Earlier this month, the CEO Action for Diversity & Inclusion was unveiled. It is described as, “the largest CEO-driven business commitment to advance diversity and inclusion in the workplace.” When I read about this, my first reaction was “bravo!” Then I thought, “This is 2017. Why are we still having this conversation and seeing little impact?”

Workforce diversity is something I have followed since the 1990s. This is where the “bravo” comes in. If you look at how most diversity initiatives came about, you will see they were, unfortunately, a result of lawsuits and not from companies being proactive or visionary. This also may be the reason many diversity programs have not been effective. Here is a great article from Harvard Business Review on why these programs fail. That is where my second point comes in: 20 years later, we continue to see little impact. Just look at the numbers in this same article:

“Among all U.S. companies with 100 or more employees, the proportion of black men in management increased just slightly—from 3% to 3.3%—from 1985 to 2014. White women saw bigger gains from 1985 to 2000—rising from 22% to 29% of managers—but their numbers haven’t budged since then.”

I have had the privilege of working with CEOs and managers that value diversity, in companies such as Fleishman-Hillard and Univision, and on the agency side, with clients such as AT&T and P&G. Today, I work at a startup that leads with diversity. Genius Plaza is part of Project Include, and I am proud to say our numbers reflect our commitment.

Currently 42% of our full time employees are non-Hispanic white and 58% are Hispanic, African American, Asian, or two or more races. In addition, our three most senior executives are women of color, and the leadership team includes individuals with Dominican, Puerto Rican, Mexican, Cuban, Iranian, Spanish, Italian, African American, and Irish backgrounds. We are very proud of these numbers, but we know they take work.  Here is a recent interview with our founder and CEO, Ana Roca Castro, in which she speaks about these challenges. That is why Genius Plaza was an early signer to Kapor Capitol Founder’s Commitment.

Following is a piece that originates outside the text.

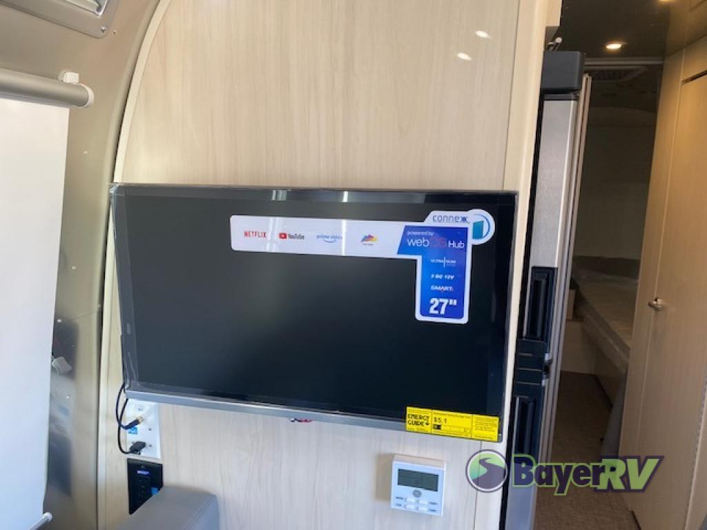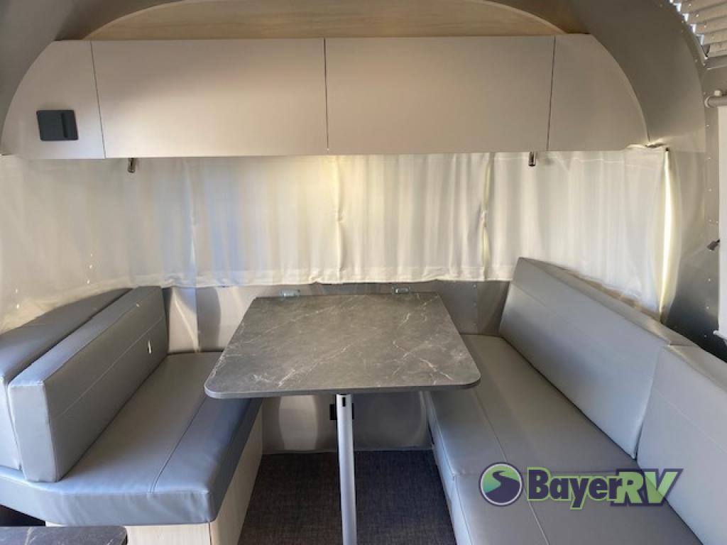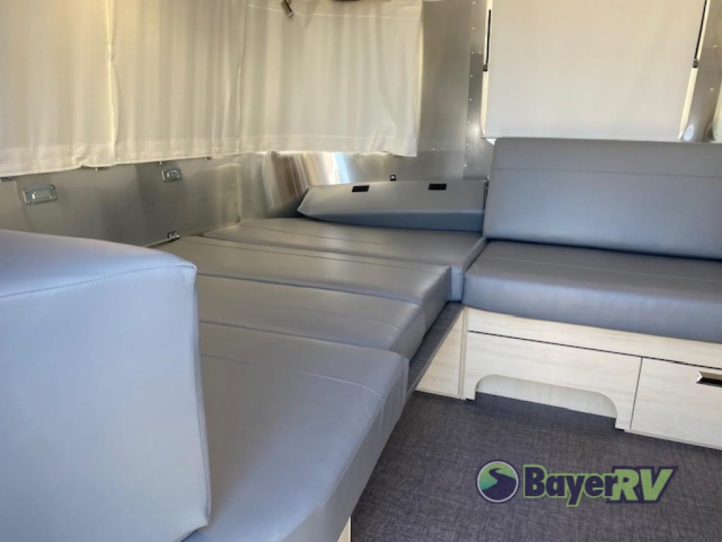 With each Flying Cloud travel trailer by Airstream, there are two axles, and each is built for ease of towing, plus there is a rear-view camera to make reversing and parking easier, and stainless steel front stone guards to protect the lower segments from road debris. The iconic Airstream design is created outside and inside by the semi-monocoque aluminum superstructure, the temperature reducing one-piece white aluminum roof, the panoramic front windows, and the stylish aluminum wheels. The interior will have you feeling right at home with handcrafted cabinetry, plenty of storage and counter space, sleek roller blinds and blackout curtains, plus residential style faucets!

As a result of my experience, I find that the CEO Action for Diversity & Inclusion initiative is impressive for a few reasons:

1) It is not reactive.

2) It is CEO-led.

3) As Fortune points out, it makes both the business and moral case for diversity.

4) The sharing of best and worst practices will require transparency.

5) The fact that leaders in organizations such as The Executive Leadership Council are working with this initiative.

There is a lot of work to be done by these companies and CEOs, including benchmarking, goal-setting, and ensuring accountability. Yet I am hopeful that efforts like Project Include, Kapor Capitol Founder’s Commitment, and CEO Action for Diversity & Inclusion have a transformational impact, and that 20 years from now, we will be having a very different conversation on diversity and will see a significant improvement in diversity and inclusion numbers across all levels and industries.